Il est clair que de nombreux pays ont donné la priorité à leur relation avec les États-Unis par rapport à une tentative vaine de nous isoler», s’est réjoui un porte-parole de Nikki Haley après l’annonce des résultats.

Le Premier ministre israélien Benjamin Netanyahu, qui avait plus tôt qualifié l’ONU de «maison des mensonges», a aussi réagi «avec satisfaction face au nombre important de pays qui n’ont pas voté en faveur» de la résolution.

Au contraire, les Palestiniens, à l’initiative de cette résolution, ont salué un «revers cinglant» pour les États-Unis. Cela «réaffirme que la juste cause des Palestiniens bénéficie du soutien du droit international», a estimé le porte-parole du président palestinien Mahmoud Abbas, qui espère ainsi maximiser son poids lors d’une éventuelle reprise du processus de paix.
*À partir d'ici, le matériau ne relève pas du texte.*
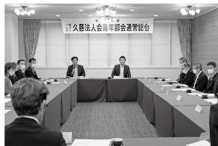
緊張感漂う第11回青年部会会員会議 (6月23日)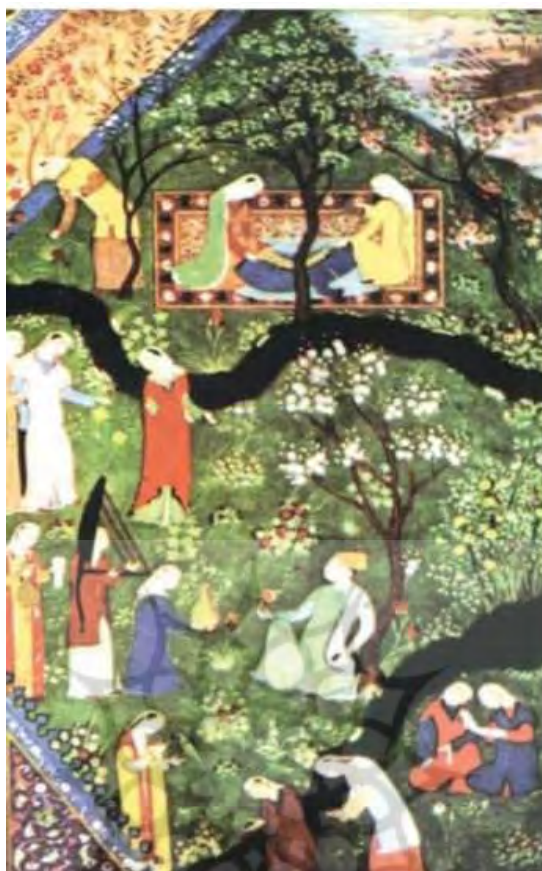
تصویر ۴: سلطان حسین بایقرا در باغ، کار بهزاد، مکتب تبریز، (مأخذ: ویلبر، ۱۳۸۴: ۸۹)

«Nous attendons de l’administration Trump qu’elle revienne sans délai sur sa décision regrettable, dont l’illégalité a été clairement établie», a lancé pour sa part le président turc Recep Tayyip Erdogan. Parmi les opposants les plus virulents à la position américaine malgré l’alliance entre Washington et Ankara, il avait auparavant exhorté la communauté internationale à ne pas se «vendre» pour «une poignée de dollars» face aux menaces de Donald Trump de couper des aides financières.

Les Palestiniens ne décolèrent pas depuis que le président américain a annoncé le 6 décembre sa décision de reconnaître Jérusalem comme capitale d’Israël, rompant avec la position américaine traditionnelle et le consensus de la communauté internationale qui n’a jamais reconnu l’annexion de la partie orientale de la ville par l’État hébreu.

Les États-Unis avaient d’abord semblé vouloir laisser passer l’orage des protestations internationales, mais un premier vote lundi, au niveau du Conseil de sécurité, a déclenché leur fureur.

Ce vote «est une insulte que nous n’oublierons pas», avait lancé, l’oeil noir, Nikki Haley à ses quatorze partenaires du Conseil, dont ses alliés européens, qui avaient unanimement approuvé la condamnation de la décision américaine.

In fine, cette résolution-là n’avait pas été adoptée, les États-Unis ayant utilisé leur veto de membre permanent, mais l’unité des autres membres avait résonné comme un cinglant désaveu pour Washington.

À l’Assemblée générale de l’ONU, aucun pays n’a de droit de veto et le texte a donc été largement adopté jeudi. Il affirme que toute décision sur le statut de Jérusalem «n’a pas de force légale, est nulle et non avenue et doit être révoquée». Il souligne que cet épineux statut doit faire partie d’un accord de paix final entre Israéliens et Palestiniens, ces derniers voulant établir à Jérusalem-Est la capitale de l’État auquel ils aspirent.